A few notes about Remora classification for charged vs. uncharged tRNA reads
- this step retains only full length tRNA reads (with an allowance for signal loss at the 5´ end of nanopore direct RNA sequencing)
- Additionally, due to the iterative nature of sequencing method development, the present approach does not rely on differences in adapter sequences attached to charged vs. uncharged tRNA molecules (though these sequences are retained as separate entries in the alignment reference and downstream files). While we anticipate being able to leverage this information in the future, the current pipeline relies exclusively on signal data over a 6-nt modification kmer spanning the universal CCA 3′ end of tRNA and the first three nucleotides of the 3′ adapter (CCAGGC) to distinguish charged and uncharged reads.
The pipeline includes cluster profiles for LSF and SLURM schedulers.

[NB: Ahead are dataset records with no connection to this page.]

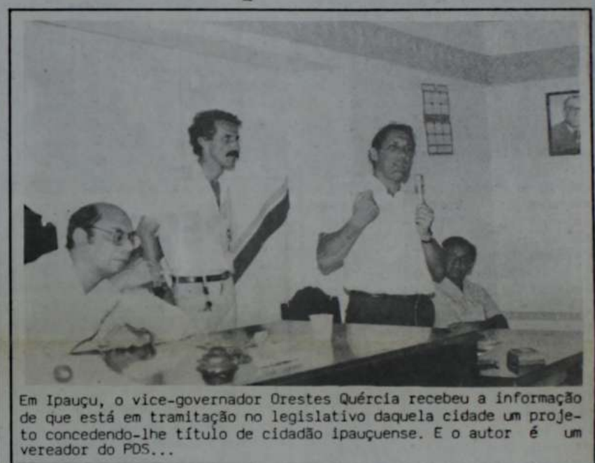
Em Ipaçu, o vice-governador Orestes Quercia recebeu a informação de que está em tramitação no legislativo daquela cidade um projeto concedendo-lhe título de cidadão ipauçuense. E o autor é um vereador do PDS...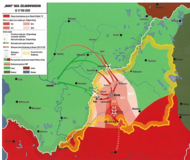
Mapa przedstawiająca przebieg działań w czasie „Buntu” gen.

Zawieszenie broni między Litwą Środkową a Republiką Litewską, zwaną też wówczas potocznie Litwą Kowieńską, nastąpiło 29 listopada 1920 r. W 1922 r. odbyły się wybory do Sejmu Wileńskiego, w których wzięli udział głównie Polacy, dominujący na tym obszarze. Podczas pierwszego posiedzenia nowego parlamentu przyjęto uchwałę o przyłączeniu Litwy Środkowej do Polski, co nastąpiło w kwietniu 1922 r. Z kolei 15 marca 1923 r. Konferencja Ambasadorów Ligi Narodów uznała wschodnie granice Polski, przyjmując linię demarkacyjną między Polską a Litwą za obowiązującą granicę między obydwojma państwami. Jednak jeszcze do maja 1923 r. dochodziło do poważnych potyczek między polską policją i jednostkami Straży Granicznej a bojówkami litewskich szaulisów.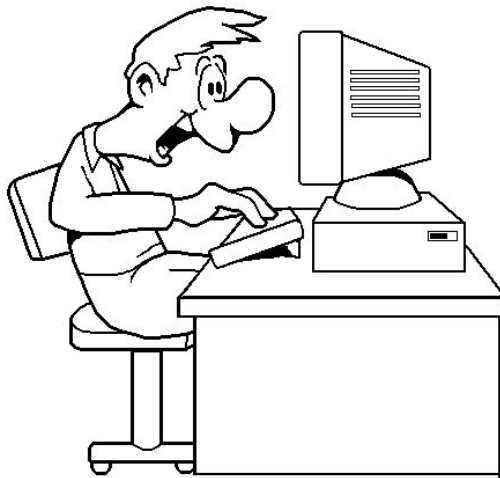
Программист Человек - знаковая система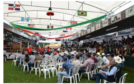
Notable asistencia a la subasta de ganado de registro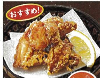
2161 おすすめ! 特製山梨風 から揚げ 590円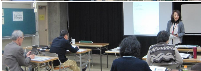
「iPad活用講座アンコール」(新宿図書センター)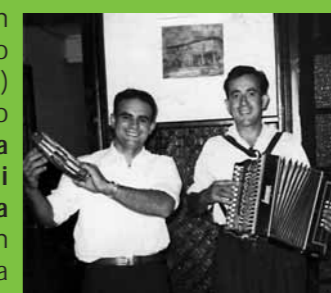
Landakanda eta Maltzeta

Bere hainbat grabazio baditugu esku artean. Garai batekoak, 1965-1970 urte artekoak, Arrate eta Loiolako irratiaren grabatutakoak. Geroztik, hainbat diskotan parte hartu zuen, eta bere diskografian 3 lan biltzen dira. Aita-alabek grabatutakoak hirurak, eta azkena 2001ean kaleratutakoa, Negarrez abesten dut izenekoa.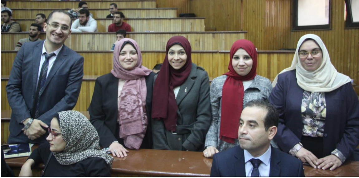
الملتقى التوظيفي السنوي فبراير 2020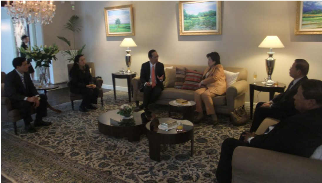
คณะเข้าเยี่ยมคารวะเอกอัครราชทูตฯ

๒.๒ งานเลี้ยงรับรองอาหารค่ำเพื่อเป็นเกียรติแก่คณะฯ โดยนายอภิชาติ ชินวรรณโณ เอกอัครราชทูต ณ กรุงบรัสเซลส์ เป็นเจ้าภาพ ในวันอังคารที่ ๒๘ พฤษภาคม พ.ศ. ๒๕๕๖ เวลา ๑๘.๓๐ นาฬิกา ณ ทำเนียบเอกอัครราชทูตฯ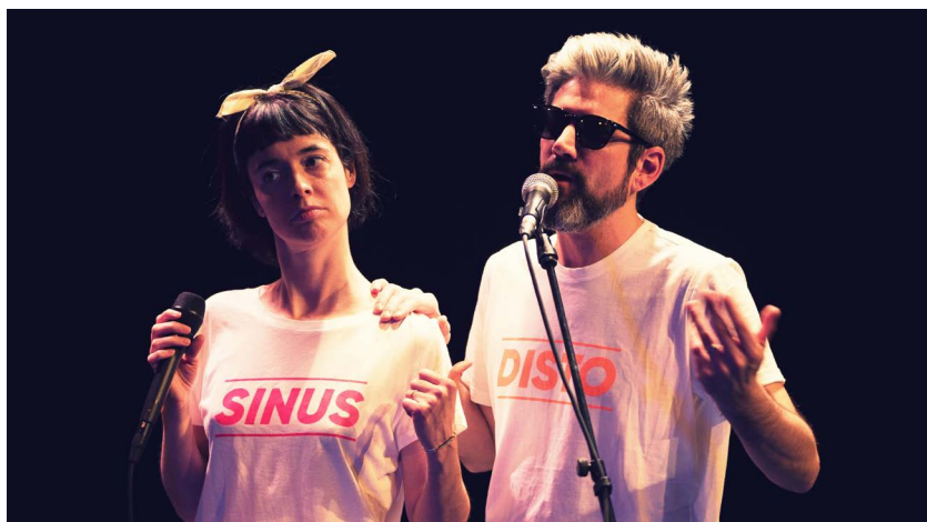
Sinus & Disto, Théâtre Am Stram Gram 2019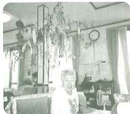
▲願いがかないますように...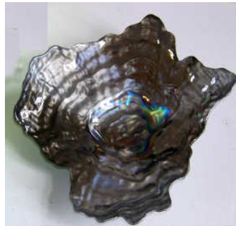
TELETHON L1Z 2012 Coupe à fruit en pâte de verre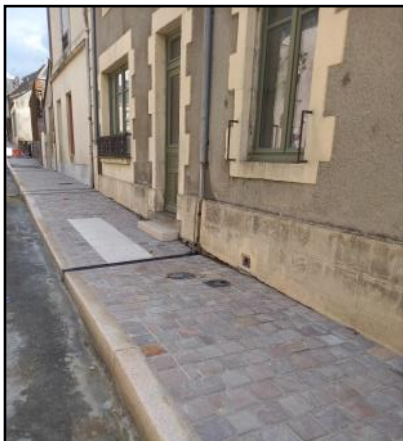
Création de trottoirs pour sécuriser la sortie des habitations rue de la Libération

Les travaux d'aménagement rue de la Libération continuent selon le calendrier prévu avec la finalisation des trottoirs comprenant le pavage et les entrées de garage. Les riverains vont désormais bénéficier de trottoirs sécurisant les sorties des habitations, les largeurs permettent de circuler en toute sécurité. Ils sont adaptés aux personnes âgées à mobilité réduite. La rue, désormais, à sens unique va limiter la circulation de véhicules qui l'empruntaient souvent à grande vitesse. Des aménagements qui devraient permettre d'éviter le stationnement anarchique sur les trottoirs.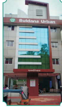
सह्याद्री - २ (तिरुपती)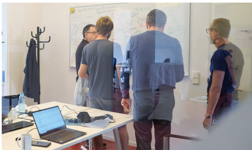
Unsere alltägliche Arbeit orientiert sich an höchsten Qualitätsstandards.

Denn schon im Beta-Stadium gefiel uns das Konzept von Projektron BCS: Das System legt nicht wie ein Krake seine Arme auf je-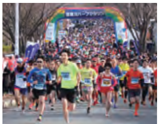
昨年のハーフマラソン

毎年5000人を超えるランナーが参加する。来年2月23日(日)に開催される「寝屋川ハーフマラソン2020」に合わせ、参加者を募集している。「JR寝屋川公園駅」そばの寝屋川公園をスタート。丘陵地、成田山不動尊、第二京阪道路副道、萱島近辺を中心とした市内各所を巡る最大高低差45メートル、コースの約3分の2が坂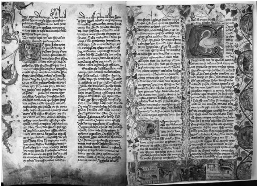
Imagens 1-2 – ff. 198v-199r do ms. 1 Azul da Academia das Ciências de Lisboa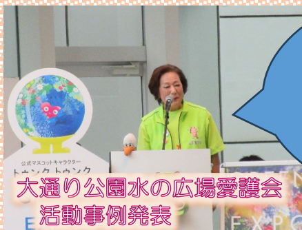
大通り公園水の広場愛護会 活動事例発表

たった一人から始めた愛護会活動が今ではたくさんの参加者が集まって活動をしてきているそうです。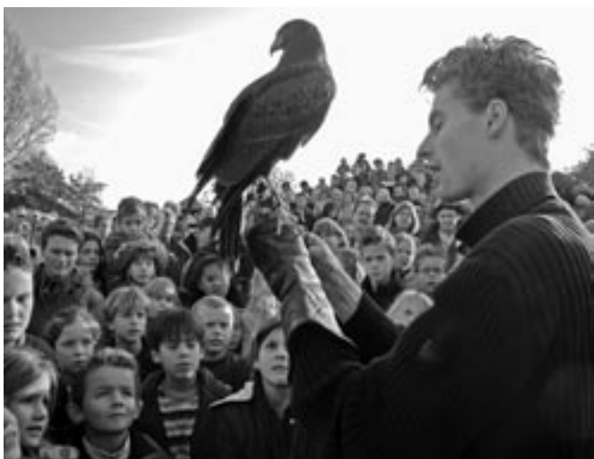
Woestijnbuizerd met zijn Bruce Colle.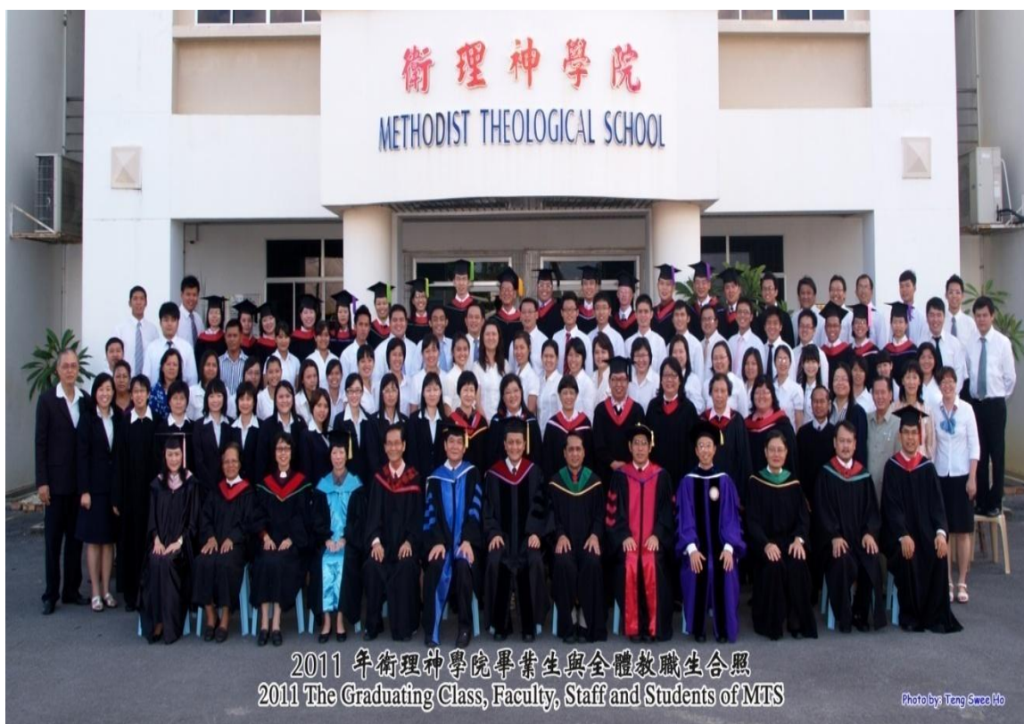
图四十二：2011 年毕业生与导师及神学院职员

# Run test data on LSF cluster
pixi run test-lsf
# Run test data on SLURM cluster
pixi run test-slurm
# Run full preprint analysis on cluster
pixi run run-preprintFor more details on configuring HPC jobs, see cluster/lsf/config.yaml or cluster/slurm/config.yaml.
To cite this work, see:
White LK, Radakovic A, Sajek MP, Dobson K, Riemondy KA, Del Pozo S, Szostak JW, Hesselberth JR. Nanopore sequencing of intact aminoacylated tRNAs. Nat Commun. 2025 Aug 20;16(1):7781. doi: 10.1038/s41467-025-62545-9. PMID: 40835813; PMCID: PMC12368100.